Coveo Explains: Complex Enterprise Search Delivered in a Day

November 27, 2013

The subtitle is the keeper, however: “No, I’m not insane.” The insane person is Wim Nijmeijer or Nicky Singh. Interesting semantic connection to either entity I believe. I learned this “insanity” stuff in a candidate chunk of possible PR ersatz http://goo.gl/ogVgIe. Since the publication of the New York Times’ story about Vocus and its PR spam, I have started a collection of search vendor messaging that may be a trifle light in the protein department.

Here’s the passage I noted:

Today Coveo announced that it will lead a session at Search Solutions 2013 on Wednesday, November 27 in London, UK.

No problem except that Coveo itself announces that its staff will explain the nuances behind “No, I’m not insane.” A third party “voice” might help.

There were some supporting “facts”. Here’s an example of a fact:

The reality is that many enterprise search implementations are far from simple, and often match the complexity of the systems they need to interface with. Coveo understands the complexity and challenges of enterprise search. Our revolutionary Search & Relevance Technology securely connects with all of an organization’s systems, and harnesses big, fragmented data from any combination of cloud, social and on-premise systems — without complex integrations.

Okay. Okay, well, “facts” may be too strong a word. I think the “revolutionary” and the “all” are going to be tough for me to accept. In a large organization, figuring out what not to make available can be time consuming in my experience. Toss is the information that will cause the company to feel a bit of heat, and you have some heavy lifting.

For instance, is “all” possible in today’s regulated environment. What about employee medical records, documents related to secret contracts and research work, salary information, clinical trial data, information related to a legal matter, and “any combination of cloud, social, and on premises systems”? Insane? Okay.
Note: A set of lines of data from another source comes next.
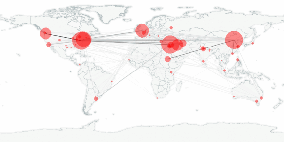 Por ejemplo, la cobertura mundial de noticias monitorizada por BuzzTracker en el momento de redactar este artículo se distribuye en varias zonas de concentración de información, mostrándose también la forma en la que se relacionan las áreas entre sí: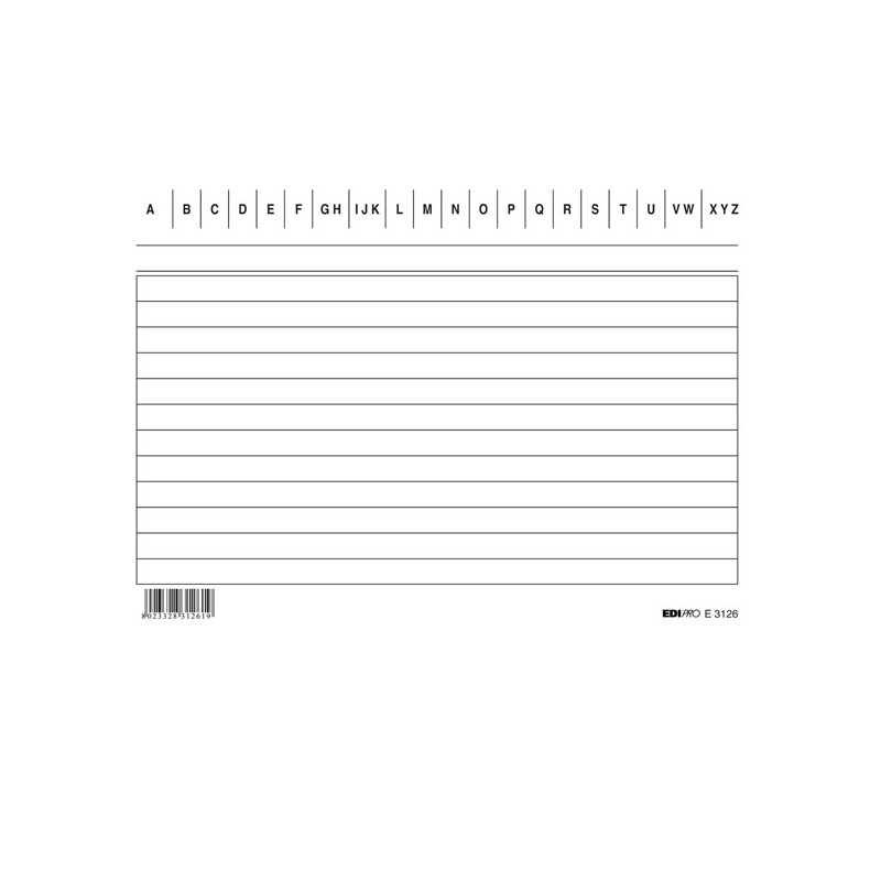 100 schede in cartoncino da 170gr. Formato 10,5 x 15cm orizzontale. Rigate.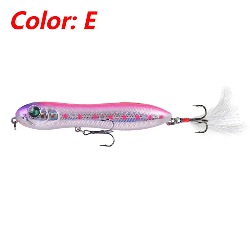 1 Uds. Lápiz flotante señuelo de pesca 10cm 15.5g superior agua Popper Wobbler cebo Artificial de plástico con ganchos de plumas aparejos de pesca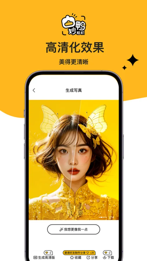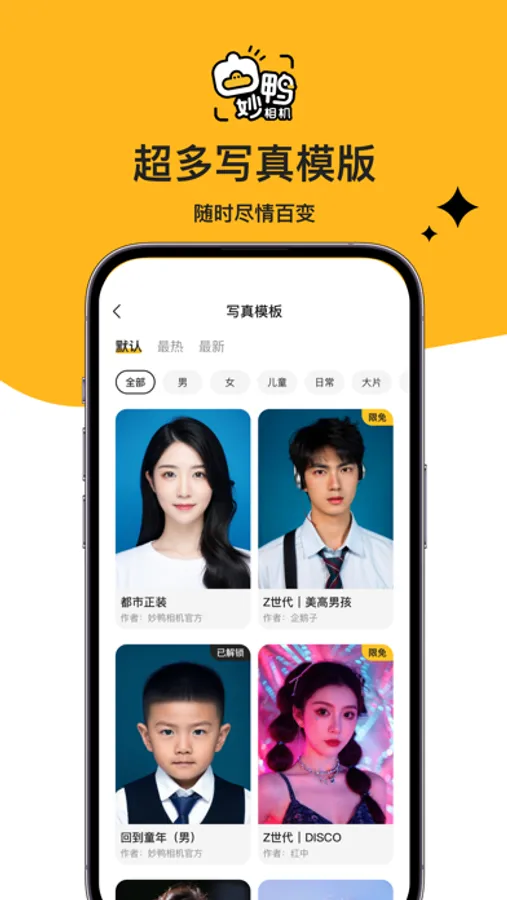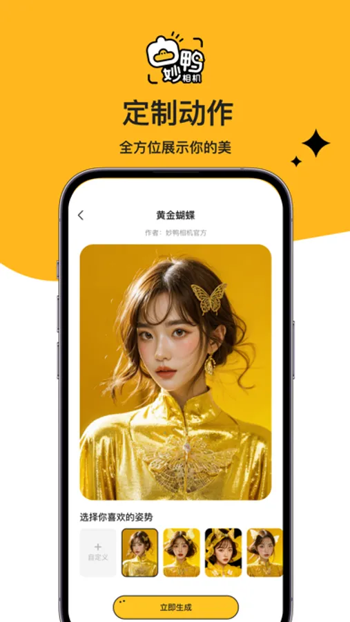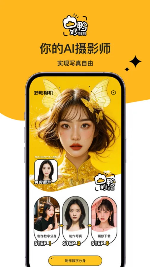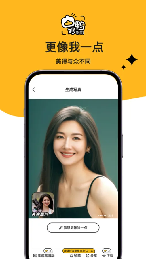 妙鸭相机是一款在线生成专业质感大片的AI相机,拥有潮流、时尚、有趣、好玩的风格模板,让你方便快捷地拥有百变照片,掌握引爆朋友圈的流量密码,成为社交圈的时尚先锋!

Well, maybe Coveo can deliver?

My observations:

  1. On a conference call with an enterprise search vendor, I pointed out that marketing enterprise solutions has changed. Hyperbole and cheerleading have replaced the more mundane information that answers such questions as, “Will this system work?” There continues to be skepticism in some circles about the claims of search vendors.
  2. Sending messages about oneself are interesting but even Paris Hilton and Lady Gaga employ publicists. Sure, Lady Gaga uses a drone dress to get media coverage, but she doesn’t issue a news release that says, “No, I’m not insane.”
  3. Enterprise search groups on LinkedIn are struggling with the question, “Why do vendors get fired?” The reason goes back to the days of Verity. That company charted the course that many vendors wittingly or unwittingly followed; that is, promise absolutely anything to get the job. The legacy of Verity’s mind boggling complexity are marketing assertions that enterprise search works and can be up and running in a day.

Not even Google can make that eight hour assertion stick for the new Google Search Appliance with 100 percent confidence in my experience.
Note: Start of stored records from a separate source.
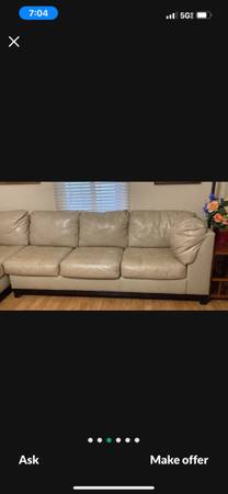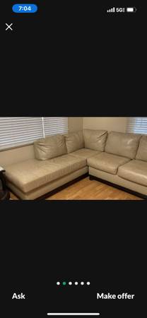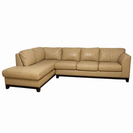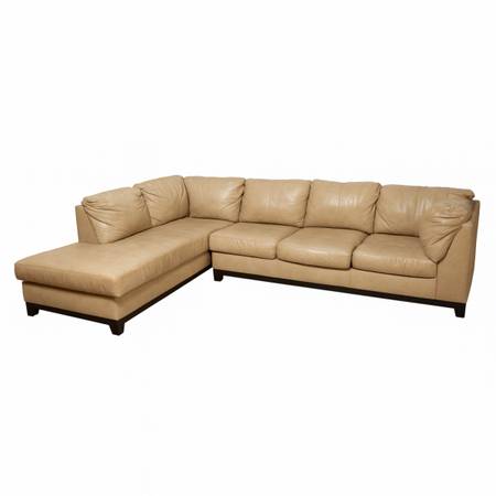 Beautiful Beige Leather Sectional Sofa – FREE Local Delivery!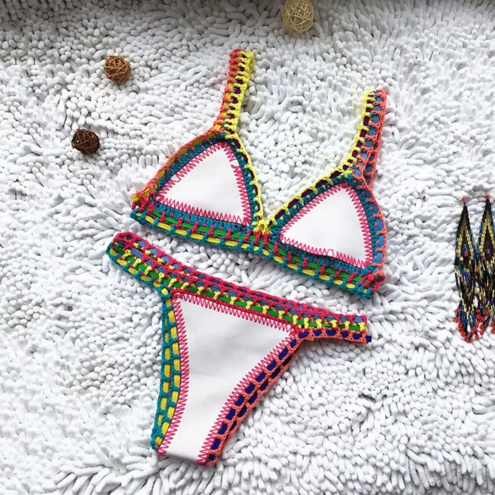 ビキニ2022 2ピース/セット水着明るい色パッチワークかぎ針編みの女性水着ビーチでの休暇セクシーな夏の水着 ビキニ Tシャツ T240618232627_04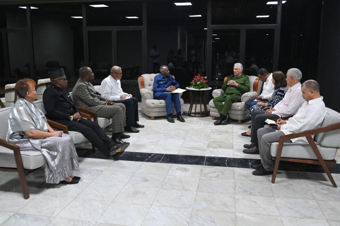 De maneira especial, o chefe de Estado reiterou ao ilustre visitante suas condolências pela perda física do presidente Hage Geingob, falecido em fevereiro deste ano, a quem considerava «um excelente amigo de Cuba», que «seguiu a linha de amizade fundada pelos líderes de ambas as nações, Sam Nujoma e Fidel Castro».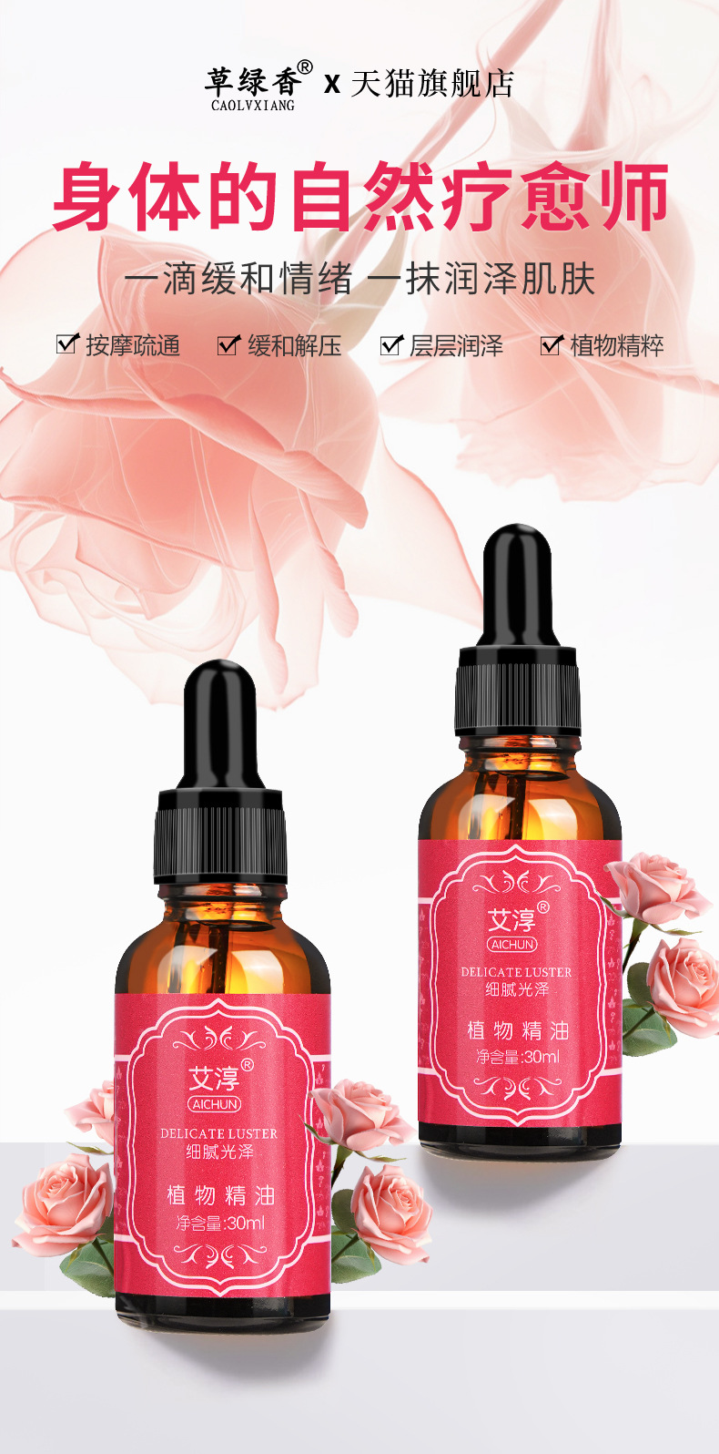 草绿香30ml玫瑰按摩精油面部全身通经络免洗护肤温和美容院专用 商品图2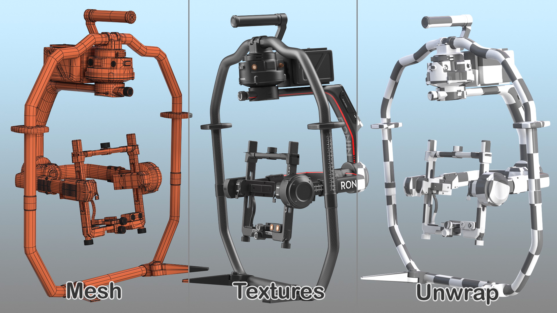 DJI Ronin 2 Camera Stabilizer is a high quality, photo real 3d model that will enhance detail and realism to any of your rendering projects. The model has a fully textured, detailed design that allows for close-up renders, and was originally modeled in 3ds Max 2020 and rendered with V-Ray. Renders have no postprocessing!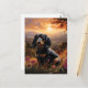Send a heartwarming message with this postcard featuring an enchanting image of a Dachshund at dusk. Set against a picturesque countryside sunset, the Dachshund sits amidst a field of blooming wildflowers, with the warm golden light of the setting sun casting a magical glow across the landscape. The rolling hills and soft, vibrant colours of the evening sky create a peaceful yet captivating atmosphere, making this postcard perfect for Dachshund lovers. Whether sending a thoughtful message or sharing a beautiful moment, this Dachshund postcard brings a touch of serenity and canine charm. generativecontent

Anyway, by the time you read this, the lecture “No, I’m not insane” by a Coveo expert will be over. I suppose I can catch the summary in the Guardian.  Stop the presses.
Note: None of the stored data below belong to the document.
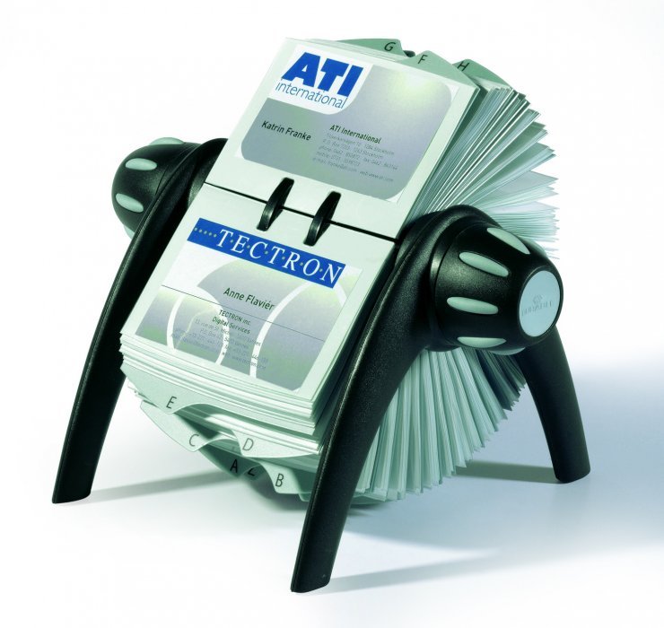 Wizytownik obrot. na 400 wizytówek Durable_VISIFIX flip – wizytownik obrotowy. Może pomieścić nawet do 400 wizytówek. Przekładki od A do Z pozwalają na ich szybkie wyszukiwanie. Kolory: srebrny lub czarny_- jednostka sprzedaży 1 sztuka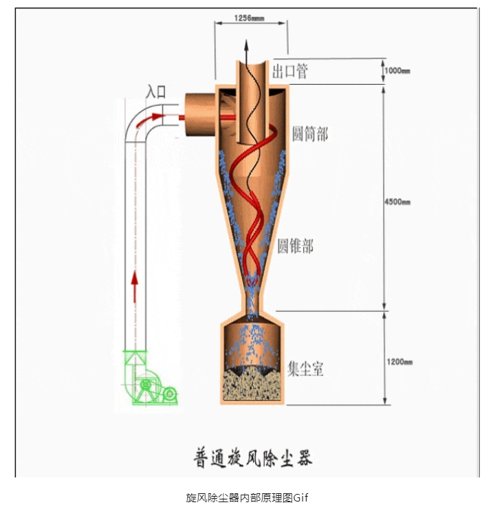 含塵氣體通過進料口進人旋風除塵器后,沿筒壁自上而下作螺旋形旋轉運動,粉塵顆粒在慣性離心力的作用下甩向外壁,在氣流和重力共同作用下沿壁面向下落入集塵室中,當這股向下旋轉的氣流到達錐體底部附近時,大部分粉塵已從氣流中除去,潔凈的氣流開始轉變方向沿軸心向上旋轉運動通過出口管或排氣芯管排出。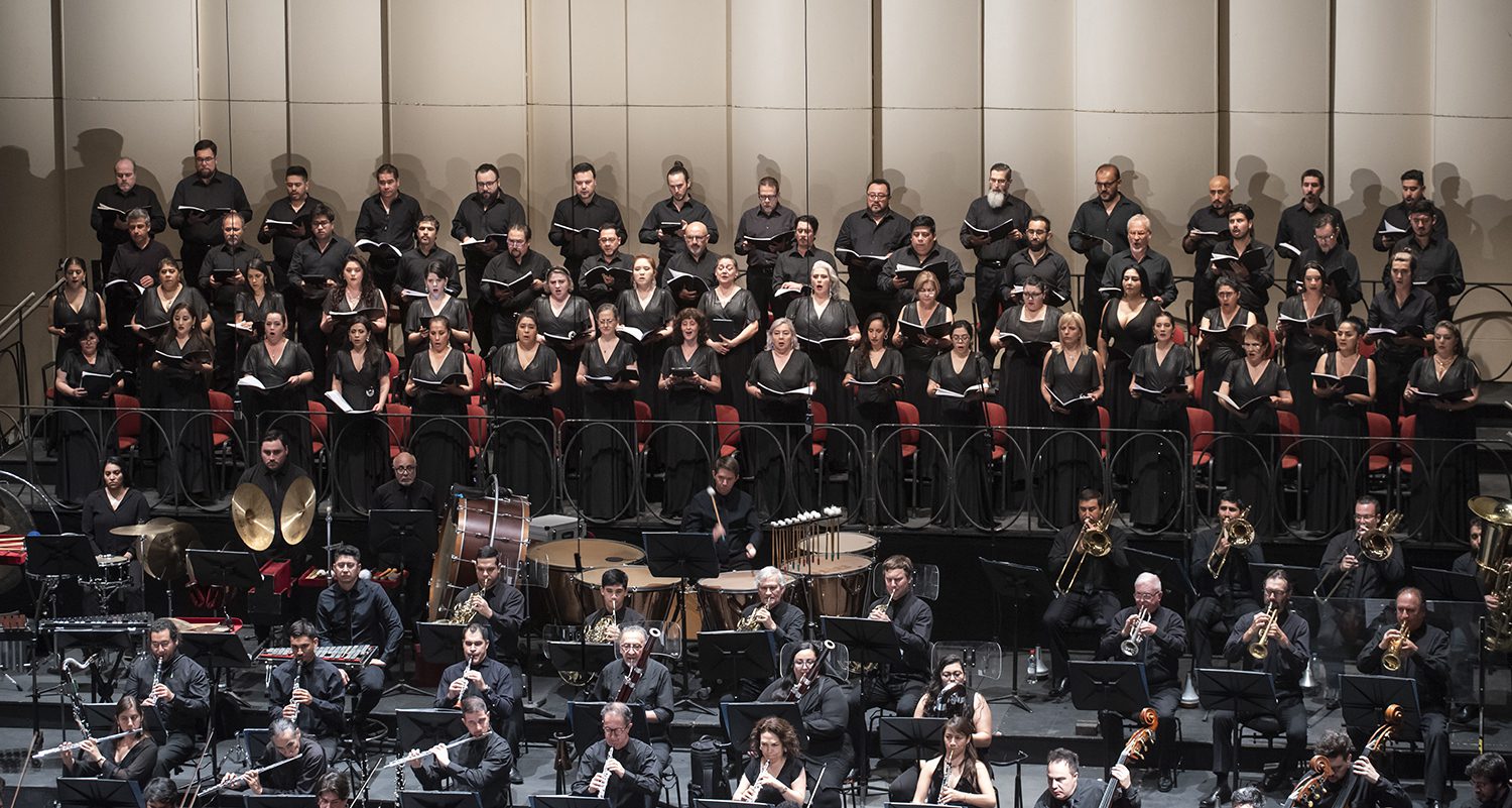 El Coro del Teatro Municipal y partes de las maderas, bronces y percusión. foto Patricio Melo

Stephen E Arnold, November 27, 2013

Comments

One Response to “Coveo Explains: Complex Enterprise Search Delivered in a Day”

  1. Charlie Hull on November 27th, 2013 9:52 am

    I’m at the Search Solutions event and I did wonder if ‘a day’ included time for mapping schemas from source to the search engine….turns out it doesn’t. The presenter was mainly relying on the message that because Coveo has written lots of their own connectors, it should all ‘just work’ – I’m not sure this is the whole story.